For HIPAA compliance, the default permission for these files is set to read and write only by the file’s owner (rwx——). If a user wants to share a file or files or the directory with others, then the chmod, setfacl and getfacl commands can be used. Please see documents or video on basic Linux file permissions for greater detail.

 

Purge and Quote Policy on Scratch Storage

Purge Policy: The scratch file system cannot be used for long term storage and files on scratch are not backed up or guaranteed by Minerva. In the event of a file system crash or purge, files in scratch directories cannot be recovered. It is the user’s responsibility to back up all important data to archival storage or other storage resources.Files are exempt from purge if they have been written to or read within the last 14 days. To see the list of files that will be purged you can use:

find  /sc/arion/scratch/$USER -atime +14

Special Note: Modifying file access times (using touch or any other method) for the purpose of circumventing purge policies may result in the loss of access to the scratch file systems. Also note that GPFS maintains a “Born On” date that is unaffected by touch or any standard unix command.

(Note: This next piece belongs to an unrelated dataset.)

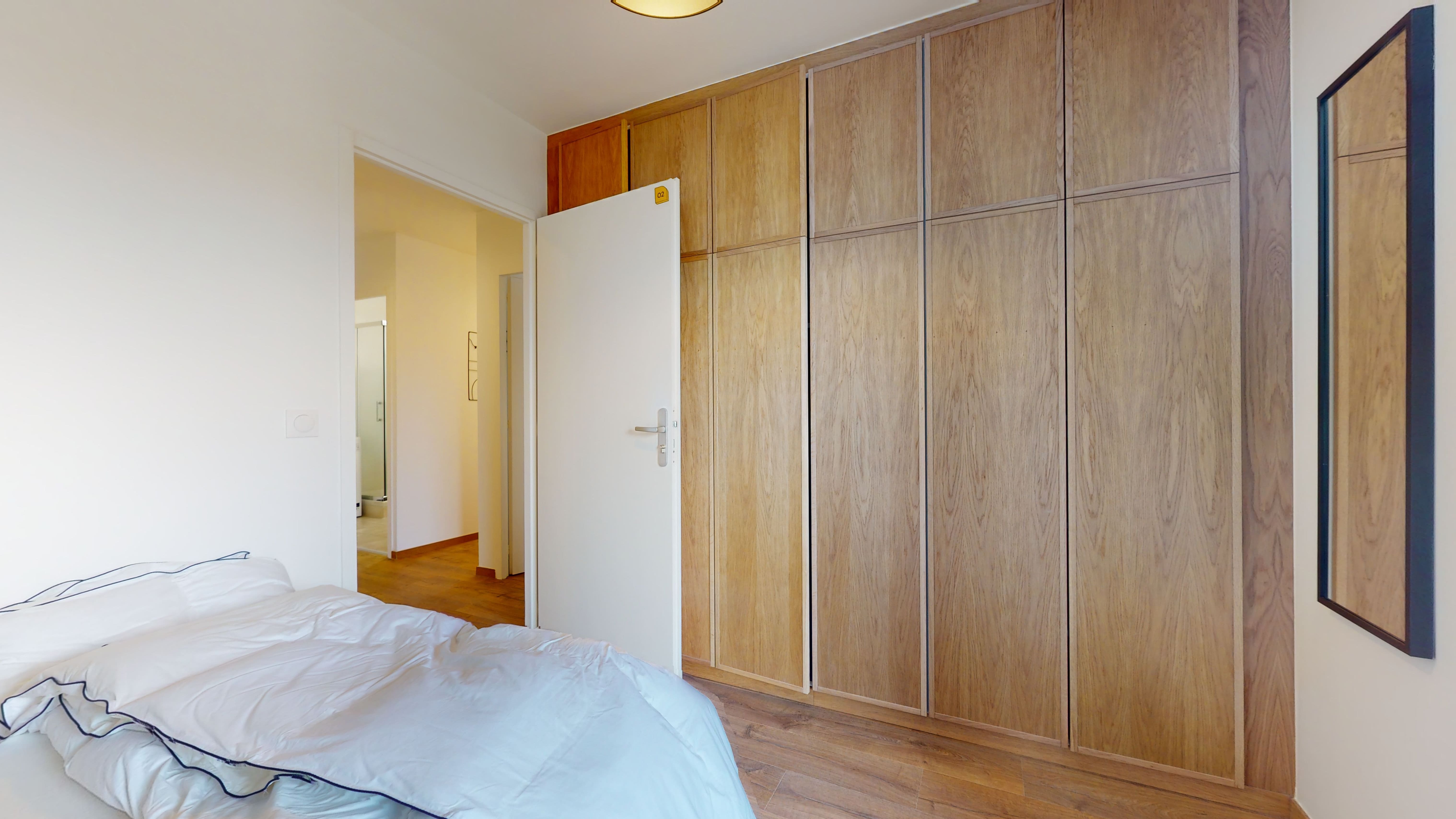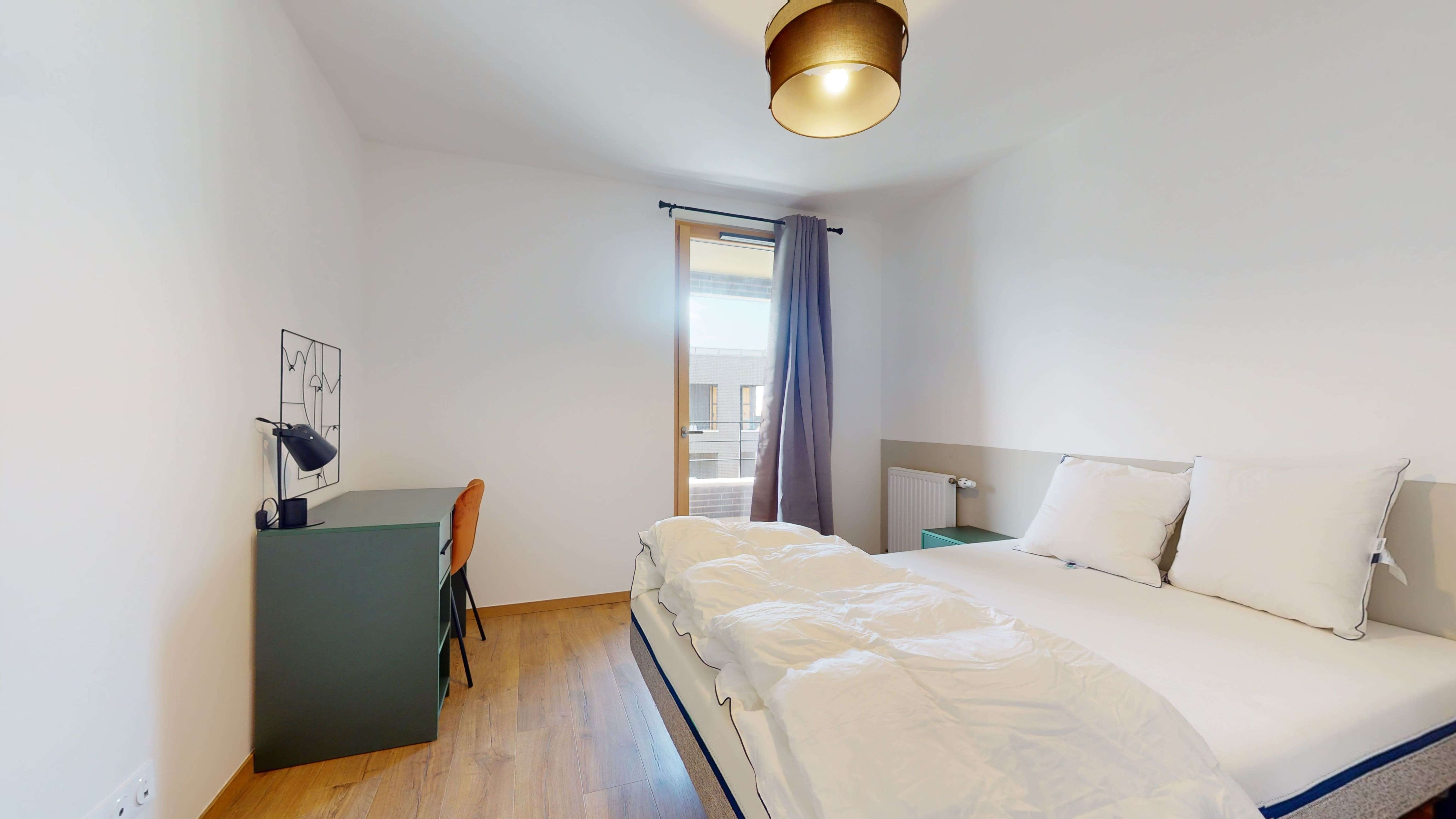 La chambre Room 1 est un petit cocon juste pour vous. Avec son lit double et sa literie de qualité, dormir sera un plaisir. Vous y trouverez aussi une armoire pour vos affaires, un bureau pour travailler au calme et un accès à un balcon pour prendre l'air. La chambre partage une salle de bain bien équipée avec d'autres locataires.

Quota policy: Scratch usage frequently reaches its maximum. This causes unnecessary errors for users who rely on it to pull large data temporarily. To ameliorate the issue, a per-user quota (15T) is implemented in the scratch folders. This policy is to avoid any one user from consuming all off the scratch space and reduce related job failures.

 

Project Storage

The bulk of our storage is allocated to the various projects underway on Minerva. If more storage than the default is required for laboratory projects the PI or a delegate can request that a project be created.

Only the PI or a delegate can authorize changes to a project, e.g., add/remove users, change ownership of files, grant access by researchers not in the project group, etc.

To request a project allocation please fill out the Minerva Project Allocation Form.

The cost for project folders is $100/TB/yr and we charge the PI every 2 months at $8.33/TB/mo. The storage charge includes the cost of all Minerva services including computation and is set yearly by the Mount Sinai Compliance and Finance Departments. Complete the Minerva Storage Information Collection Form, which will need to be filled out to specify the fund number/s that will be used to pay for the storage.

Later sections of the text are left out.